Путешествие В.Л. Дедлова (Кигна) как опыт самоидентификации

Бесплатный доступ

Статья посвящена сборнику путевых очерков «Приключения и впечатления в Италии и Египте. Заметки о Турции» В.Л. Дедлова (Кигна). В.Л. Дедлова можно отнести к литераторам второго ряда. Однако анализ путевых очерков представляется полезным для развития представлений о жанре путевого очерка, понятий национальной самоидентификации и способов ассимиляции путешественника. Своеобразная манера восприятия чужого пространства и категорий «свое - чужое» в травелоге запускают механизм самоидентификации.

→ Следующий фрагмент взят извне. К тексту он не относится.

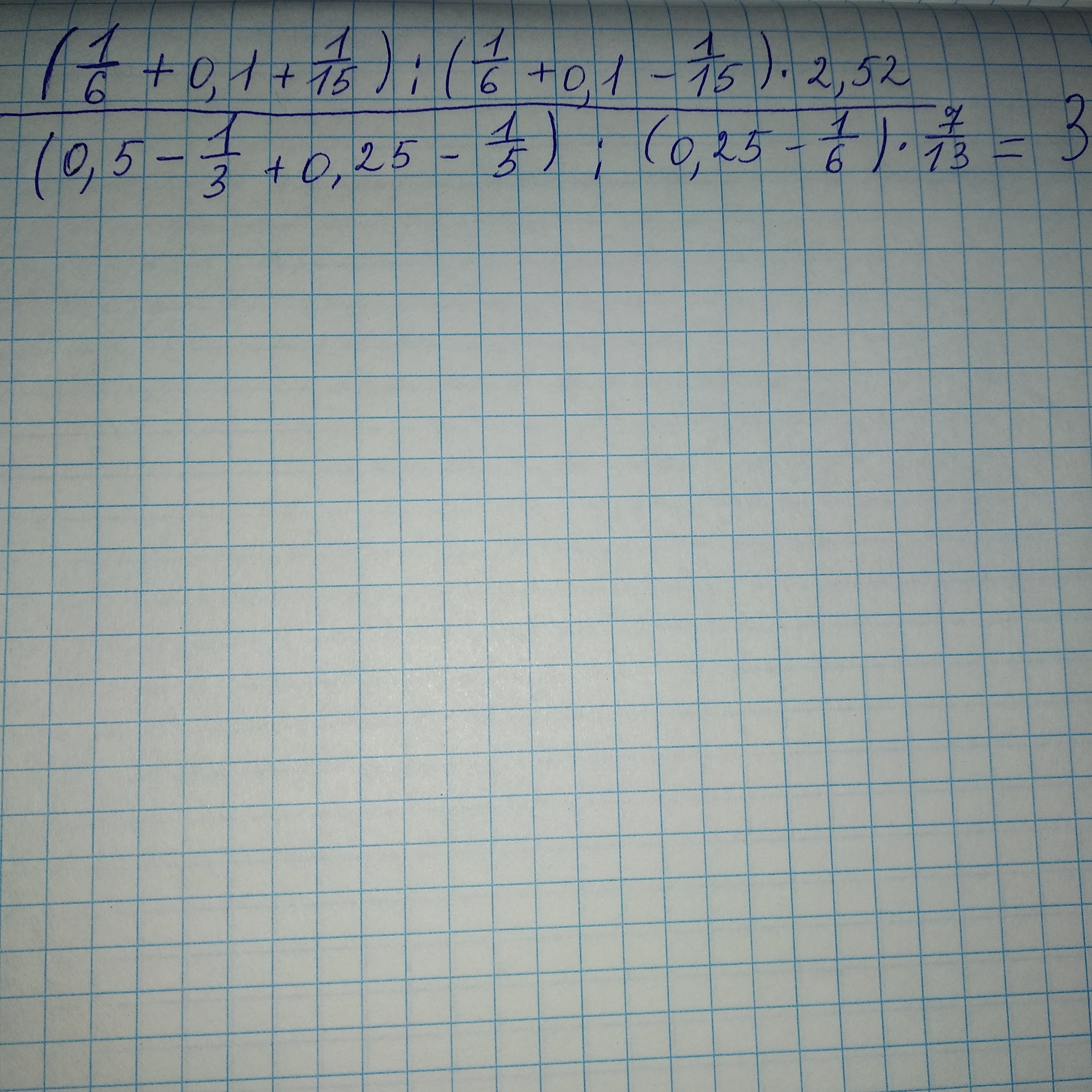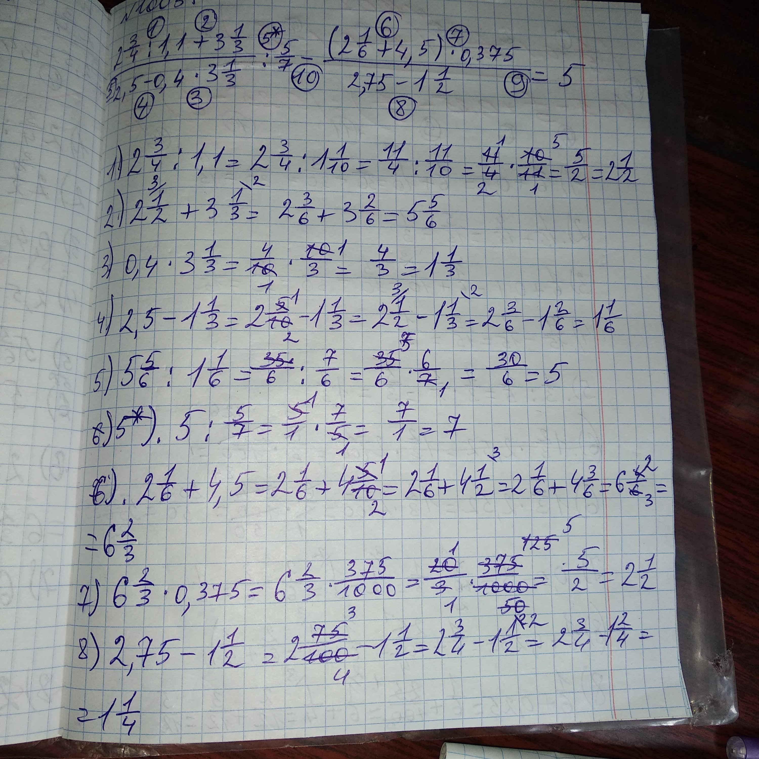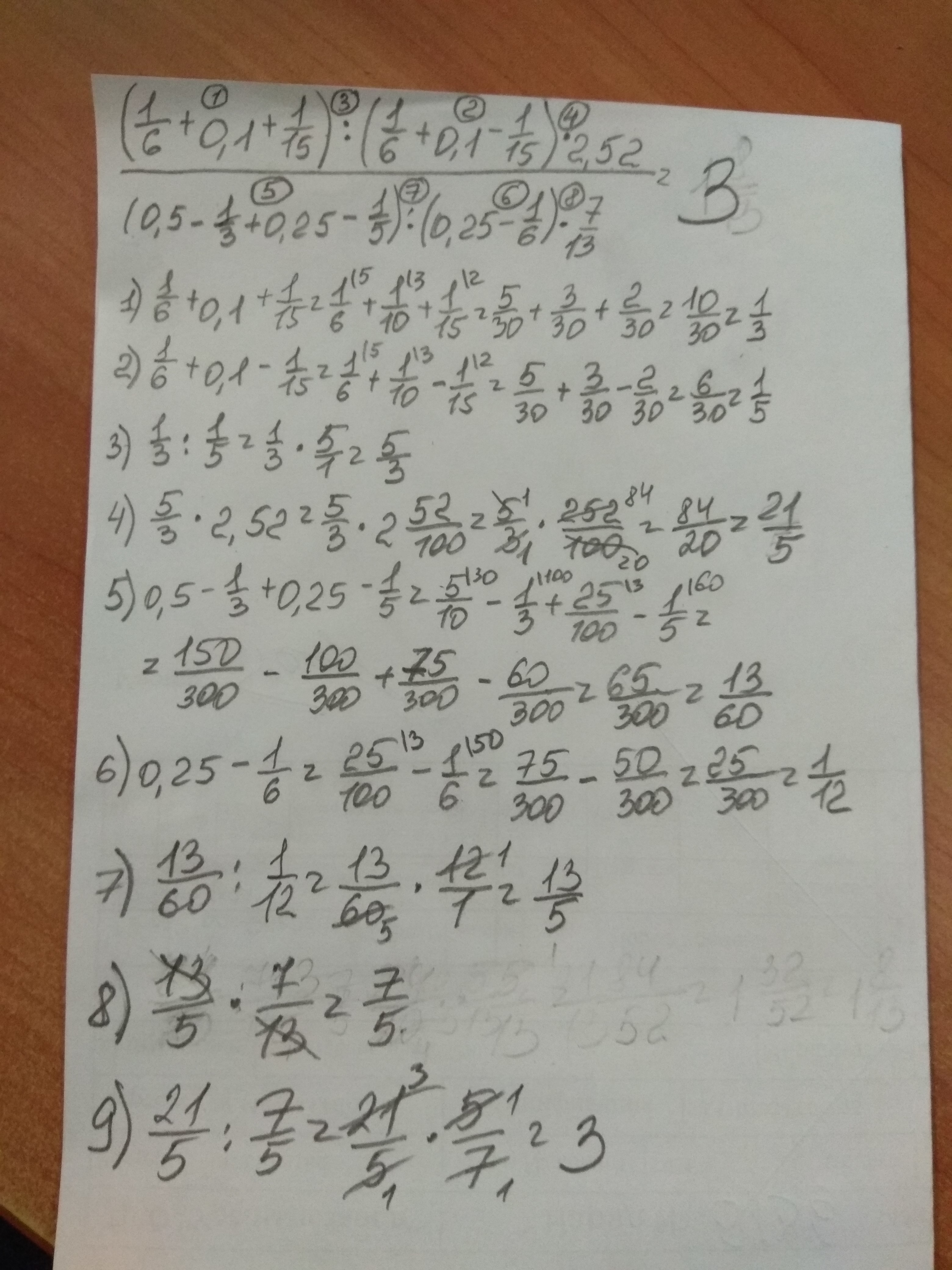 Помогите решить пожалуйста!! Ответ должен получиться - 3 (так написано в ответах книги) , я решаю и у меня получается 3 целых три пятых , там нужно сделать порядок действий и всего их там 13. Пример решения на 2 фото (это другой пример)

Литература путешествий, травелог, в.л. дедлов (кигн), национальное самосознание, самоидентификация, ассимиляция

Короткий адрес: https://sciup.org/146281350

IDR: 146281350

Текст научной статьи Путешествие В.Л. Дедлова (Кигна) как опыт самоидентификации

В. Л. Дедлов (настоящая фамилия Кигн) – публицист, прозаик, критик. Произведения Дедлова печатались в журналах «Русское богатство», «Наблюдатель», «Дело», «Нива», «Книжки “Недели”». С 1882 года являлся одним из ведущих сотрудников «Недели». П. А. Россиев дает Дедлову следующую характеристику: «Литература, произведения искусства и скитания по белу свету были три его страсти» [3, с. 422].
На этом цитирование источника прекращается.